Na atual conjuntura de “revoluções coloridas”, esse grupo golpista requer atenção especial. Um golpe militar clássico é mais fácil de ser percebido, porque representa de maneira cristalina uma ruptura calcada na violência, como se uma força vinda de fora (ou aparentemente estranha às ordinárias relações políticas) irrompesse, rasgando o tecido democrático. Diferente, é quando a força política, mesmo sendo essencialmente golpista, cresce se valendo do regime democrático, a exemplo da extrema direita que ora temos sob nossos olhos.
Ora, não é sem motivo que, para alguns, aplicar o golpe seria um direito dos golpistas. Usem os termos que usarem, no fundo, é isso o que dão a entender aqueles que, agora, reivindicam anistia. Dessa vez, porém, os intentos dos golpistas foram frustrados, rompendo a cadeia já aludida (golpe, anistia, golpe). E, para romper essa nefasta cadeia, só colocando os golpistas na cadeia. Cadeia contra cadeia.
A decisão foi tomada. Mas é preciso que seja mantida. E que, na história vindoura, seja lembrança viva e marcante, como um austero aviso aos pósteros golpistas. Compete-nos nunca esquecer que a história não é ato. É processo. O mesmo se pode dizer do golpismo. Por isso falamos de golpismo, e não apenas de golpe. A resistência democrática deve seguir a mesma lógica e afirmar-se a cada instante, diuturnamente.

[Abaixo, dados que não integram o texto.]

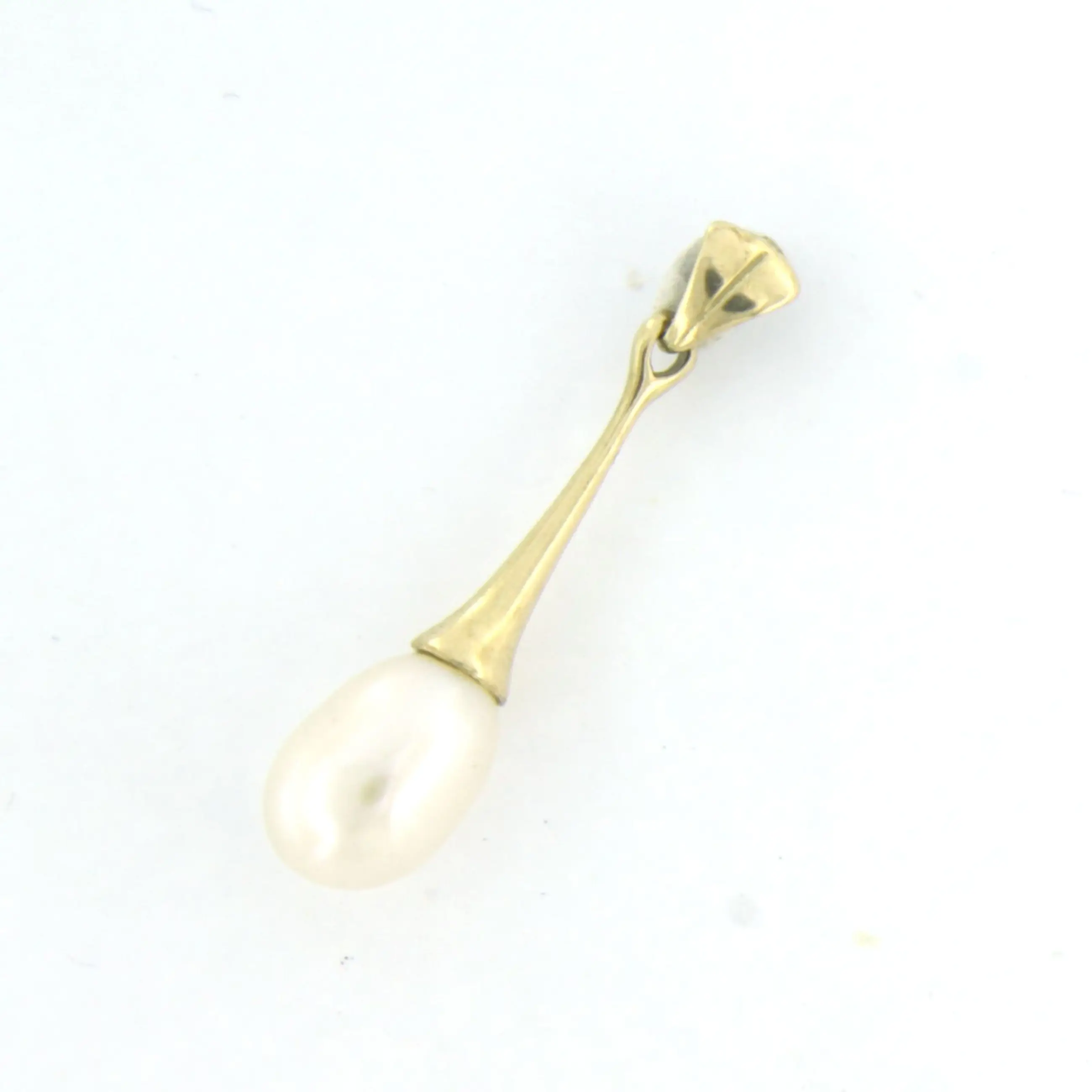 14k geel gouden hanger met een parel - afm. 2.5 cm x 5.9 mm

Dito de outro modo. Celebremos a vitória. Merecemos. Contudo, sem lugar ingenuidade. A luta ainda está em curso. Vencemos uma batalha, não a guerra. De mais a mais, por conta da atuação dos golpistas no parlamento, no judiciário e nos EUA, os democratas não podemos ceder à retórica de pôr fim à polarização.
Em primeiro lugar, porque é necessário se opor e polarizar com tudo o que seja antidemocrático. É, a um só tempo, questão de honra e sobrevivência! Em segundo lugar, porque, embora não possamos nos valer dos mesmos meios que os golpistas, devemos ser tão ou mais tenazes e contundentes quanto eles. Não podemos nos furtar a usar as armas que a democracia nos oferece.
No mais, imaginem. Bolsonaro, o líder da organização criminosa golpista, foi condenado e pode ficar inelegível até o ano de 2060. Guardem as pedras. Não cuidem que quero mal a ele. Não mesmo. Ao contrário. Desejo a ele vida longa, longuíssima, para cumprir todos os dias de cadeia que lhe cabem. Nem um a mais, nem um a menos.
Bolsonaro, líder da organização criminosa golpista… Isso soa bem. Repitam comigo: Bolsonaro, líder da organização criminosa golpista… Ah… Como é catártico e libertador poder dizer isso amparado no direito, com a chancela da mais alta corte de nossa justiça.
Escapou-me um sorriso. Não. Escapou-me uma gargalhada. É raro. Eu sei. Mas, às vezes, e esse é o caso agora, justiça rima com felicidade, apesar dos pesares. Para dizer com o personagem de Fernanda Torres, no filme Ainda estou aqui, “Nós vamos sorrir”.
Os golpistas que tirem seu prato do caminho. Nós vamos passar nosso riso e nossa felicidade.